- [Information shown]:
»»
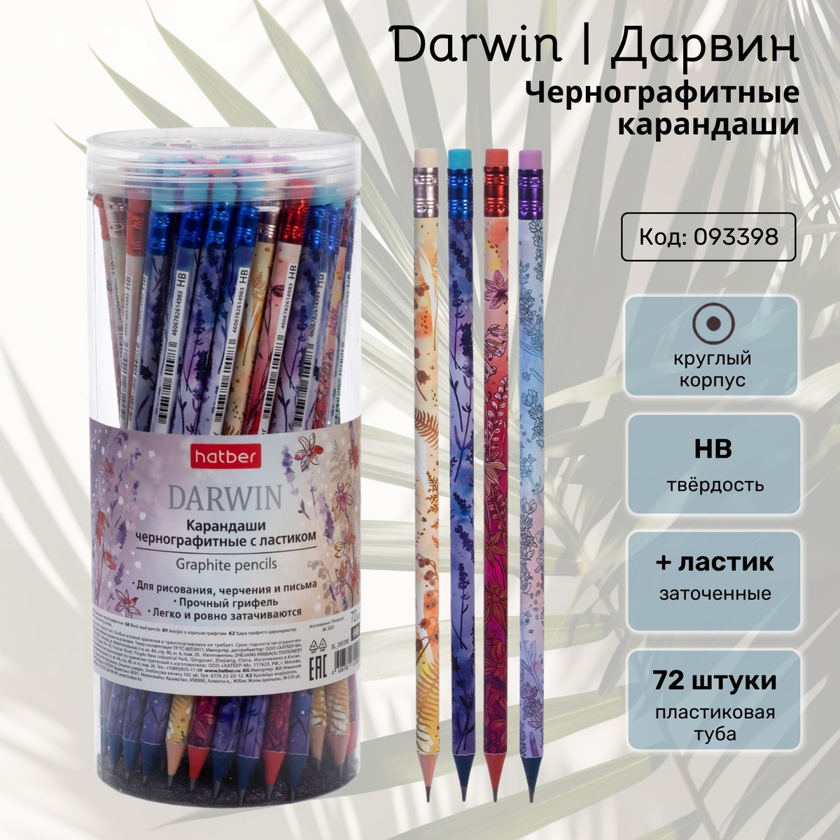 Hatber представляет чернографитные карандаши Darwin (Дарвин) с ластиком. В четырёх дизайнах круглого корпуса эстетика главного фаворита всех художников-пейзажистов.
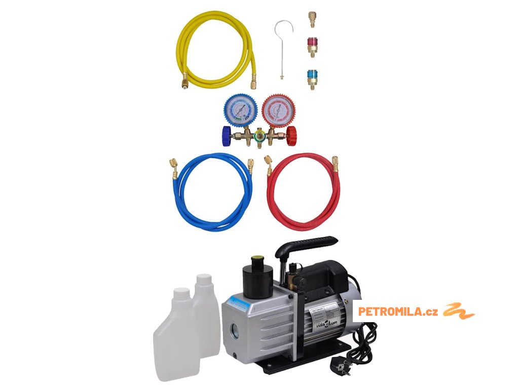 Čerpadlo vytváří podtlak, který umožňuje následné plnění klimatizačního systému chladivem. Čerpadlo má hliníkové pouzdro a praktické okénko pro okamžitou kontrolu hladiny oleje. Má také integrované madlo pro snadné přenášení. Přiložená 2cestná sada na měření je vhodná pro plnění a kontrolu klimatizačních systémů tím, že poskytuje údaje o tlaku v systému. Je vhodné pro použití na všech klimatizacích automobilů, stejně jako komerčních a domácích klimatizačních chladicích systémech. Barevně označená měřidla jsou jasná a snadno čitelná a jsou uzavřena v ochranném plášti, aby se zabránilo poškození. K rychlému a snadnému zavěšení měřidel můžete použít integrovaný ocelový hák. Sada měřidel má odolnou konstrukci.
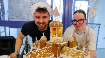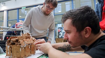Stałym już puntem w świąteczny programie był też - zorganizowany po raz siódmy - Konkurs na Najlepszą Budowlę z Piernika. Konkurencja odbyła się na kampusie A i zebrała 90 studentów z takich kierunków jak: architektura, inżynieria lotnicza, inżynieria środowiska, budownictwo, geoinformatyka i techniki satelitarne, inżynieria biomedyczna, automatyka i robotyka oraz psychologia. Co zbudowano tym razem? Samolot, choinkę, kościoły, dom Shreka, Wieżę Eiffla, a nawet Titanica! Jak co roku, konkurs pokazał, jak kreatywni i uzdolnieni manualnie są nasi studenci. Co więcej, podczas wydarzenia smakowite zapachy roztaczały się po całym budynku.
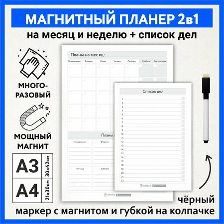 Планер магнитный 2 в 1, А3 - на месяц и неделю с важными заметками, А4 - список дел, маркер с магнитом и стирателем, белый фон, Дарите подарок, planner_background_white_#000_А3, А4_2.12
««
- [What to produce]: Print exactly, and only, the lines from the one with "Stałym już puntem" through the last line of the listing above. No pictures belong in the copy.

- [Exercise answer]:
Stałym już puntem w świąteczny programie był też - zorganizowany po raz siódmy - Konkurs na Najlepszą Budowlę z Piernika. Konkurencja odbyła się na kampusie A i zebrała 90 studentów z takich kierunków jak: architektura, inżynieria lotnicza, inżynieria środowiska, budownictwo, geoinformatyka i techniki satelitarne, inżynieria biomedyczna, automatyka i robotyka oraz psychologia. Co zbudowano tym razem? Samolot, choinkę, kościoły, dom Shreka, Wieżę Eiffla, a nawet Titanica! Jak co roku, konkurs pokazał, jak kreatywni i uzdolnieni manualnie są nasi studenci. Co więcej, podczas wydarzenia smakowite zapachy roztaczały się po całym budynku.
 Планер магнитный 2 в 1, А3 - на месяц и неделю с важными заметками, А4 - список дел, маркер с магнитом и стирателем, белый фон, Дарите подарок, planner_background_white_#000_А3, А4_2.12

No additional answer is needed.